Главная страница «Первого сентября»Главная страница журнала «Дошкольное образование»Содержание №5/2003

ПОРТРЕТ

Рыболов, поймавший идею

О Леониде Венгере рассказывает его сын, доктор психологических наук Александр Венгер.

Есть имена, без которых невозможно даже помыслить отечественную психологию дошкольного возраста. К ним, бесспорно, относится имя Леонида Венгера.
Научно-исследовательская лаборатория, которой он много лет руководил, сегодня преобразована в Центр, занимающийся как научной, так и образовательной деятельностью. Коллективом Центра разработана известная программа «Развитие» — одна из первых вариативных программ дошкольного образования, рекомендованных Министерством образования РФ. В 2002 году исполнилось десять лет с момента создания этой программы.

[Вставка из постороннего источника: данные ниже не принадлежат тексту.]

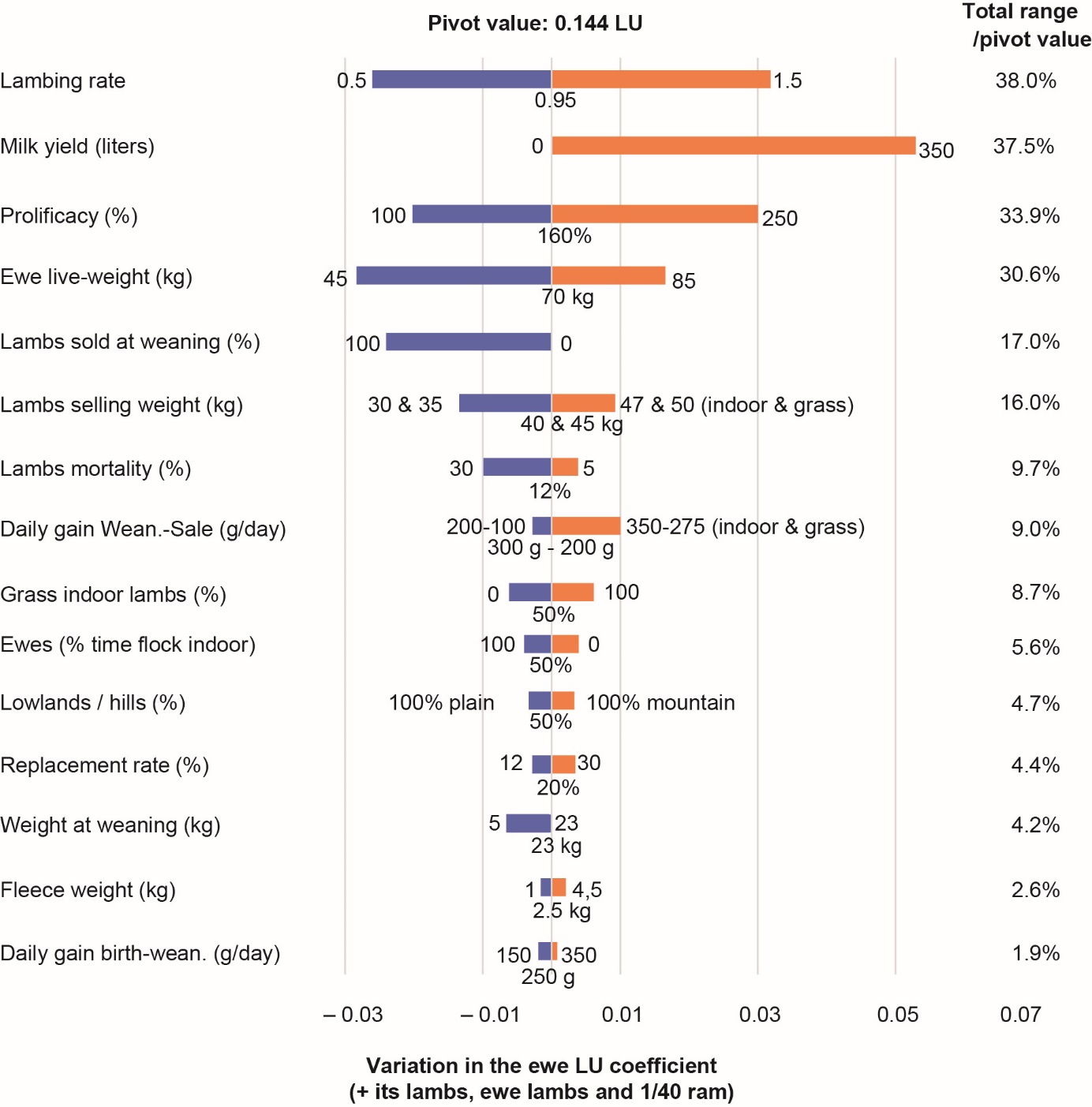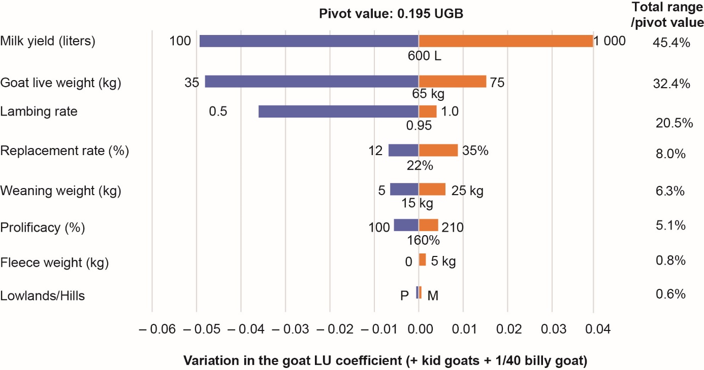 Par ailleurs, pour les brebis laitières, les valeurs moyennes issues de Mc et Ms restent du même ordre qu’avec MH. Par exemple, pour une brebis de 70 kg produisant 280 kg de lait par an, ses agneaux étant sevrés à 10 kg, le coefficient UGB (Mc) est de 0,17, soit comparable à celui calculé par l’Institut de l’Élevage (France) pour des brebis du même type (Idele, 2014a). De même en production caprine, les ordres de grandeur correspondent aux standards habituels, pour des systèmes de production relativement productifs (963 litres de lait par chèvre en France en 2019, Idele, 2020b).
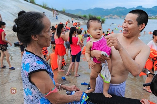 Người dân ở đây cho biết, năm nay là năm đầu tiên mọi người rủ nhau đi tắm sông Đà đông đến vậy. "Tắm sông Đà là cơn sốt mới rộ lên khoảng 2 tuần nay chứ trước kia ít người tắm lắm" - anh Lê văn Đạt (một người dân phường Phương Lâm) chia sẻ.
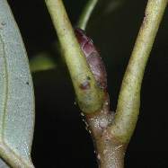 アカシジミの卵と環境 2005年11月21日 大阪府豊能町 登山道脇のアラカシの新枝(株が切られて出てきた枝)の1mぐらいの高さの小枝の頂芽に1卵見つかりました。冷蔵庫に保管し、下の卵と同じようにしましたが、残念ながらなかなか孵化しませんでした。そこで、カミソリで卵の上部を切ったところ無事に孵化してくれました。 トップページへ |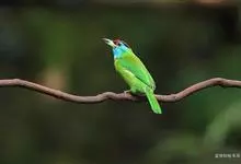 黑眉拟啄木鸟,为须䴕科、拟啄木鸟属的小型鸟类,体长20-25厘米,外形和金喉拟啄木鸟非常相似,但具粗著的黑色眉纹,头侧和耳覆羽以及下喉蓝色而不为银灰色,前颈两侧各有一块鲜红色斑。全部>>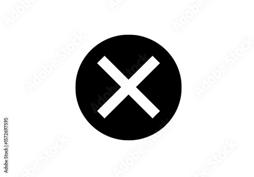 Obraz premium A black circle with a white cross mark represents cancellation or deletion on...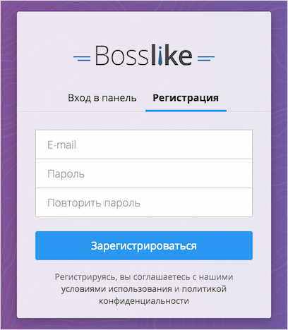Регистрация на Босслайке очень простая. Заходим на сайт Bosslike.ru. В правом верхнем углу сайта нажимаем “Вход”.

Биографию моего отца вряд ли можно назвать простой. Его отец, мой дед, в свое время занимал ответственный пост — председателя продовольственной кооперации Украины. Если искать аналоги этой должности в сегодняшней действительности, то это практически министр продовольствия. В 1938 году дед был арестован и расстрелян. Так что отец автоматически попадал в категорию «сыновей врагов народа».
Но началась война, и он ушел на фронт. А после войны приехал в Москву (родился отец в Харькове) и поступил в МГУ на психологическое отделение философского факультета (тогда психологический факультет в самостоятельную структуру еще не выделился). В 49-м ему, правда, припомнили его родственные связи. Началась кампания против космополитов, и отца чуть было не исключили из МГУ. Но что-то там у «организаторов» этого мероприятия не сошлось, и отец успел закончить учебу. А после защиты диплома попросил распределить его подальше от Кремля и получил направление в Таджикистан, в город Ленинабад. Это нынешний Худжент. В Ленинабаде они с мамой пережили «дело врачей», но эти события их практически не коснулись. Ленинабад был слишком далеко от Москвы — даже не столица Таджикистана, а захудалый областной центр.
Правда, с работой и в Ленинабаде не все сначала было гладко. Должность, на которую пригласили отца, оказалась занятой. Распределением молодых специалистов в Союзе ведала некая бюрократическая канцелярская машина, которая часто давала сбои. Оказалось, что в МГУ прислали прошлогоднюю заявку.
Что было делать? Не уезжать же обратно! Путь от Москвы до Таджикистана неблизкий, подъемные уже были истрачены (оплачивался, конечно, проезд только в один конец — к месту распределения). Поэтому отец поначалу стал работать учителем в школе: преподавал психологию (был тогда такой предмет в старших классах), историю, литературу и логику — причем сразу в четырех школах, чтобы набрать достаточное количество часов. Судя по всему, учителем он был прекрасным. Через некоторое время представилась возможность работать на полставки в пединституте, и он стал «разгружаться» — отказываться от своих школьных часов. Помню, однажды к нам домой пришла делегация от старшеклассников: они просили отца не оставлять их — продолжать вести уроки литературы. Против этого отец, конечно, не мог устоять и довел класс до выпускных экзаменов.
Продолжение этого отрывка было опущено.